T-Plan Robot Enterprise features a programable Java API allowing to write test scripts in the Java language. Compared to the TPR scripting language this approach has numerous advantages such as:
Version 2.1 and 2.2 delivered additional functionality which allows to integrate Java test scripts with the TPR scripting language in order to build hybrid test suites. This includes:
This document is intended to provide basic information on how to write and execute Java test scripts and where to look for detailed information in the T-Plan Robot Enterprise documentation.

2. Setting Up Development Environment

Though the Robot's script editor allows to modify the Java source code there's no advanced development functionality such as method hinting and debugging. That's why it is highly recommended to use a Java Integrated Development Environment (IDE) , such as NetBeans or Eclipse for Java development. Robot 3.0 supports work with these environment as follows:
  1. Robot's project folder is compatible with most IDEs. As the Java classes are placed into the src/ folder it is possible to create a project folder shared by Robot and the IDE.
  2. Robot automatically detects external script file updates on the GUI window activation (focus) and reloads the script editor unless there are unsaved code changes. This behavior allows to work on the same Java class or classes both in the IDE and in Robot.
  3. Java test scripts may be executed both from Robot (using the GUI controls or through the -r CLI option) or from the IDE (through the main() method).
  4. It is recommended to use Robot to create new Java test scripts and to generate the testing code through the GUI tools (Script Recorder, Code Templates, Command Wizard, ...). Use NetBeans for development of any other Java code.
The following instructions show how to set up a project shared between T-Plan Robot Enterprise and NetBeans 6.9.

A. NetBeans Set Up
  1. Download and install NetBeans if you haven't done so.
  2. Start NetBeans.
  3. Create the project in NetBeans first. It will create a path like <project_home>/<project_name> which contains the src/ folder and the build.xml file.
    1. Select File->New Project in the menu.
    2. Highlight Java Application and click Next
    3. Enter a project name and select a folder to store the project to.

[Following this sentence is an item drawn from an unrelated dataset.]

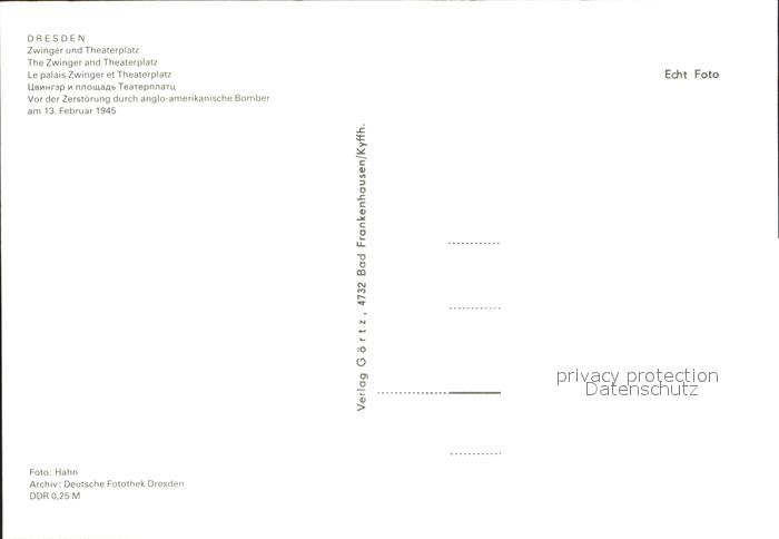 72302587 DRESDEN Elbe Zwinger Theaterplatz postalisch nicht gelaufen Erhaltung siehe scans KatCode: 11110014262000

You may optionally use the default Robot's project path (name=MyAutomation, folder=<user home>).
    4. Select Finish to create the project structure and configuration files.
  4. Right click the MyAutomation node in the project tree and select Properties in the pop up menu to open project configuration.
    1. Select Libraries in the configuration tree.
      1. Check that the Java Platform is JDK 1.6 or higher.
      2. Make sure that the Compile tab is selected and select the Add JAR/Folder button (note that the dialog may be too wide and you may have to scroll to the right to make the button visible).
      3. Navigate to the T-Plan Robot Enterprise installation folder and add all the JAR files listed in the Release Notes file table to the compile-time library list.
      4. Add any 3rd party libraries you are going to use.
    2. Select OK to save the changes.

NOTE: When using Eclipse and exporting a runnable jar file make sure to choose the "Extract required libraries into generated JAR" option under Library Handling. The Robot's plugin functionality will fail otherwise.

B. Robot Set Up
  1. Start Robot.
  2. Make sure that Robot was either started with the java executable from a JDK installation or it is configured properly with the path to the JDK. See the Release Notes for instructions. A failure to configure the JDK access will make Robot to refuse support of Java test scripts later.
  3. To create a shared project:
  4. Put any 3rd party Java libraries you are going to use on the Robot's class path (into the -classpath option in the start command) or copy them to the plugins/ directory under the Robot install folder.
  5. Create a Java test script (see below). Open the same class in NetBeans and start developing the test code in both environments as needed.

3. Java Test Script Basics

A Java test script is a Java class which implements the com.tplan.robot.scripting.JavaTestScript interface. Most Java test scripts simply extend the com.tplan.robot.scripting.DefaultJavaTestScript class which implements the interface and provides a huge framework of automation methods.

A new Java test script can be created in several ways:
  1. Through the New Test Script window in the Robot GUI (File->New Test Script).
  2. Through conversion of a TPR test script into Java. See the Java Converter help topic. This way is suitable for those who migrate from the TPR format to Java.
  3. Manual creation in the IDE.
The most common way is to create test scripts in the New Test Script window. To open it select File->New Test Script in the Robot GUI or press Ctrl+N.

New Script
  1. Set the Test Script Type value to Java test script (*.java)
  2. Set the Test Script Name field to the desired Java class name. The window will suggest a unique default name such as Script<number>.
  3. Customize the Java Package in the  Advanced Options if needed.
  4. It is recommended to leave on the Create the main() method flag because the method has to be added manually otherwise. Existence of the main() method allows to execute the test script from the IDE.
  5. Leave the Script Paths options on the default values. These can be changed through the Paths tab any time later.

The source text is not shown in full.